Sales are limited to $25,000 per year

If the $25,000 per year limit is not enough, you can sell baked goods as a home kitchen operation and make an extra $1,000 per month.



You must register with the health department before selling cottage foods under this law, and usually there is no fee to do so. The department cannot charge more that $25 per year for registration.

Food Service Sanitation Management Certificate

You must take a class and receive a “Food Service Sanitation Manager Certification” from the health department, which takes about 8 hours to complete and costs at least $35.

By default, the only requirements for a cottage food operation are a no-fee registration and a certificate. However, an individual health department has the option to charge a fee (up to $25 per year) for registration and mandate a home inspection, which may also incur a fee.

If you are only making baked goods, you can bypass the above requirements by becoming a home kitchen operation.


Sample Label

Chocolate Chip Cookies

"This product was produced in a home kitchen not subject to public health inspection that may also process common food allergens."

Forrager Cookie Company

123 Chewy Way, Cookietown, IL 73531

Ingredients: enriched flour (wheat flour, malted barley flour, niacin, iron, thiamin mononitrate, riboflavin, folic acid), butter (cream, salt), semi-sweet chocolate (sugar, chocolate, cocoa butter, milkfat, soy lecithin, natural flavors), brown sugar, granulated sugar, eggs, vanilla extract (vanilla bean extract, alcohol, sugar), baking soda, salt (salt, calcium silicate)

Contains: milk, eggs, wheat, soy

Produced on 8/30/2015


In addition to (or instead of) your home kitchen, you can use another residential or commercial kitchen on your property.


Law Dates
January 2012
SB 0840
June 2014
HB 5354
June 2014
HB 5657
January 2016
HB 2486
This page was last updated on


Hi my son wants to sell cheesecakes and I was wondering would he be able to sell them under these particular regulations or if you can give me advice about what Avenue he would take to do so. This will be a home based business these would be mostly special orders packed and distributed immediately from a cooling station, also will he need some type of license for baking or cooking.

Hi. I’m looking into starting a business with cupcakes, cookies, and chocolates covered foods. Where would the chocolate covered food fall under?

A friend of mine purchased a truck. Which the turned into a food truck. But there is no cooking done on the truck. All food is prepared on the grill. Ribs, chicken, pulled pork, hot dogs etc. All the food is washed and prepared in the house. But not cooked until we get to the site. The only thing that is done on the truck is keeping the food warm and packaging. Winnebago Health Dept. will not allow it because there is no commercial kitcken. But went to another county in IL and no problem with them. But the location is an hour 1/2 hr there and back.

    Quite frankly, I’m shocked that an IL county’s health dept has no problem with meat being prepared and cooked in a home kitchen and then sold. It is their job to prevent that from happening.

I make dip mixes from commercial spices (McCormick, etc.). I blend and package in my home kitchen. Is this allowed? And, can they be sold at Craft/Vendor Fairs?

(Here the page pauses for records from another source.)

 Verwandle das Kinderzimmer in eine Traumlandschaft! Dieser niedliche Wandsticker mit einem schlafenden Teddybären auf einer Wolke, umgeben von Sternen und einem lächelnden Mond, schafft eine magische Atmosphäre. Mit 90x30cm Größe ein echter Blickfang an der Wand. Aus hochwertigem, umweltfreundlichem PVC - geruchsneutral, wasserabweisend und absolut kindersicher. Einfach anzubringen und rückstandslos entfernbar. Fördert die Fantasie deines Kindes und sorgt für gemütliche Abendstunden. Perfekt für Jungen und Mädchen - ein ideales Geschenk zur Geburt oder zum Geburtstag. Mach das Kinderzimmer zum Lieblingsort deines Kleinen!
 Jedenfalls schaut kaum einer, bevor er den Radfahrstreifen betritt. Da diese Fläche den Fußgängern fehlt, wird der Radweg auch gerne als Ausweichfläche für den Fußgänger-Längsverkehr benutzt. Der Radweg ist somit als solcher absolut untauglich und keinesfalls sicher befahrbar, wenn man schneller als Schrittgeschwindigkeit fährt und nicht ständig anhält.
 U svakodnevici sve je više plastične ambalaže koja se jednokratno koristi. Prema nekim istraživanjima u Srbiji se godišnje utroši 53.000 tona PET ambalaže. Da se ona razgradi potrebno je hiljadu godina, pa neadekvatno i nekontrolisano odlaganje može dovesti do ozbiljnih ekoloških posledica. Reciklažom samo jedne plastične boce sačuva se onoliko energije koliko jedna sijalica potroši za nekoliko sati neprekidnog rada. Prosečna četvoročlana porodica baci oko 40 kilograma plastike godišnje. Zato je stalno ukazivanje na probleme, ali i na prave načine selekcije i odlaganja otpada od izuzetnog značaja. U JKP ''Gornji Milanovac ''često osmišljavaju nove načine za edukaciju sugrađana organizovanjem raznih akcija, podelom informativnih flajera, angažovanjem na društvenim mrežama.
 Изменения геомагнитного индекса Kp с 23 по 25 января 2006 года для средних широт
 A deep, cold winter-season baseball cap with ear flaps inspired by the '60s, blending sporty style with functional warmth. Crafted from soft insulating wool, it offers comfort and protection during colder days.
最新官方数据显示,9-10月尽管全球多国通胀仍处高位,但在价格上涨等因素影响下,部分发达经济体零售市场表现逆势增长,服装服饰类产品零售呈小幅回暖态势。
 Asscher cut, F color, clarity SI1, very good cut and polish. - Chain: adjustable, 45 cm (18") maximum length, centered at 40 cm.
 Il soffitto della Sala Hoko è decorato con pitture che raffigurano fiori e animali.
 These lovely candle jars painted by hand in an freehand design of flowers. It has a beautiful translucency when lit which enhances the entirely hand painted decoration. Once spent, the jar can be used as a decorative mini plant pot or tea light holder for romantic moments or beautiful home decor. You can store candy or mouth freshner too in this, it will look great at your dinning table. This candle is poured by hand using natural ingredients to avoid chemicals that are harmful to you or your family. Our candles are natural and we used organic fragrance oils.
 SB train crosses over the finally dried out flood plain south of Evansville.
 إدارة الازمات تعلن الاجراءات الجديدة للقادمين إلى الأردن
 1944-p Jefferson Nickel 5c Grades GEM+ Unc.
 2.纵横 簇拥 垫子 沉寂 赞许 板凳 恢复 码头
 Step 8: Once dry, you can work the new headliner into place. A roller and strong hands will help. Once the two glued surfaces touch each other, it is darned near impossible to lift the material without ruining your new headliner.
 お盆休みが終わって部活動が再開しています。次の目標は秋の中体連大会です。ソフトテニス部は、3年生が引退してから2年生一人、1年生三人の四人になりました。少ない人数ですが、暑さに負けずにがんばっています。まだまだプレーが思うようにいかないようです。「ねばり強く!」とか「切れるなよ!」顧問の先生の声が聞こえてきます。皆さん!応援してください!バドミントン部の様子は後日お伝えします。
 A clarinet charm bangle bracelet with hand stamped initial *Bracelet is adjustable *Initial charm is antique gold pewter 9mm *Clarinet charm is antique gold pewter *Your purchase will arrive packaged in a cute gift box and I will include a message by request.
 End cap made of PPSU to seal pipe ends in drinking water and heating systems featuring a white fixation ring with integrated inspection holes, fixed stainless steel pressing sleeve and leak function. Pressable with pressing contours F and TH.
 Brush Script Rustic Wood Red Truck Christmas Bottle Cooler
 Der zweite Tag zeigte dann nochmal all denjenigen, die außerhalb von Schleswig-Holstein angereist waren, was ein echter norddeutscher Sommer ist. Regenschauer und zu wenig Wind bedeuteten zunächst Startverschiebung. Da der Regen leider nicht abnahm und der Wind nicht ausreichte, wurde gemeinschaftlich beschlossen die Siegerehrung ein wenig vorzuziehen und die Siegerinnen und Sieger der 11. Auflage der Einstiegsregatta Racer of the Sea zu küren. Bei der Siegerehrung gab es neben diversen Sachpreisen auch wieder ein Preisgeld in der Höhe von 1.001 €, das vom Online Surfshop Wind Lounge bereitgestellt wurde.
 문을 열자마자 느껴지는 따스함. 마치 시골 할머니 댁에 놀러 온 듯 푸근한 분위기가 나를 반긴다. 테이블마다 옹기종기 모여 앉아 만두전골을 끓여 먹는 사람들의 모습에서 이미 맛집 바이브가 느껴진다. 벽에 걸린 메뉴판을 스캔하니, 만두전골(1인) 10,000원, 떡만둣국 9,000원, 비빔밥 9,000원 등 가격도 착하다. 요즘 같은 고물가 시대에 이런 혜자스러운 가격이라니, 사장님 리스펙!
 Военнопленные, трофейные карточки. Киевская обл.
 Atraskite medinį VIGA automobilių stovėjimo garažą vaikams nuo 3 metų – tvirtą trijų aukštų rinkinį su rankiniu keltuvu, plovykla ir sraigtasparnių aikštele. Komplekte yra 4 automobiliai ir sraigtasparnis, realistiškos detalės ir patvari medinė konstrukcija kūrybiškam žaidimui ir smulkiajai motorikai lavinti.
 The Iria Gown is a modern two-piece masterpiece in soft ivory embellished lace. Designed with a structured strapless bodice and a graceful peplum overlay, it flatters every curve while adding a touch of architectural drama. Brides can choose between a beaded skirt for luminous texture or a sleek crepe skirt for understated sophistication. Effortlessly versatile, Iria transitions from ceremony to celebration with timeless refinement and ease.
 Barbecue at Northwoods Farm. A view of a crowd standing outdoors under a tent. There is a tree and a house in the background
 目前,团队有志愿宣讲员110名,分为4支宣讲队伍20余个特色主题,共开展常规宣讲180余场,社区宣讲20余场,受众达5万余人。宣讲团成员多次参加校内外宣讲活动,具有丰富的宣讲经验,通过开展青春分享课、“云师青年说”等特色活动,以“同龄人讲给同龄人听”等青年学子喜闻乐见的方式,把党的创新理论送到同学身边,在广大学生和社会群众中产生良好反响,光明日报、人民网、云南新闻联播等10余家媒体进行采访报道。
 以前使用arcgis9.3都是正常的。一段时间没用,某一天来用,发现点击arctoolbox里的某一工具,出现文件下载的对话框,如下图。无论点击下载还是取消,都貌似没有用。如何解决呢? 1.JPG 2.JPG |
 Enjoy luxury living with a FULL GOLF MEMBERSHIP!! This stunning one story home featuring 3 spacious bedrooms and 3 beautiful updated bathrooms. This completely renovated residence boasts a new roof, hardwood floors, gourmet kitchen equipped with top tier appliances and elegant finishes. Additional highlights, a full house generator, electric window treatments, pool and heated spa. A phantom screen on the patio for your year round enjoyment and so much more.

I’ve been loking over regulations, and requirements, but I still have a question whether if im trying to start a “meat sauce” a BBQ like sauce that would taste good “on all meats” ( not including seafood and seafood like dishes” would I still have to find a commercial kitchen or can I make the sauce in a home kitchen?


I am looking into a pasta sauce venture. It looks as if the cottage law does not apply to this. Do you know where I could find information about pasta sauces, most likely containing tomatoes?


Hi there. I have a friend who is looking to start a lollipop business. I am assuming that doesn’t fall under the category of baked candy. Is there any other way she can do this without a commercial kitchen. Thanks.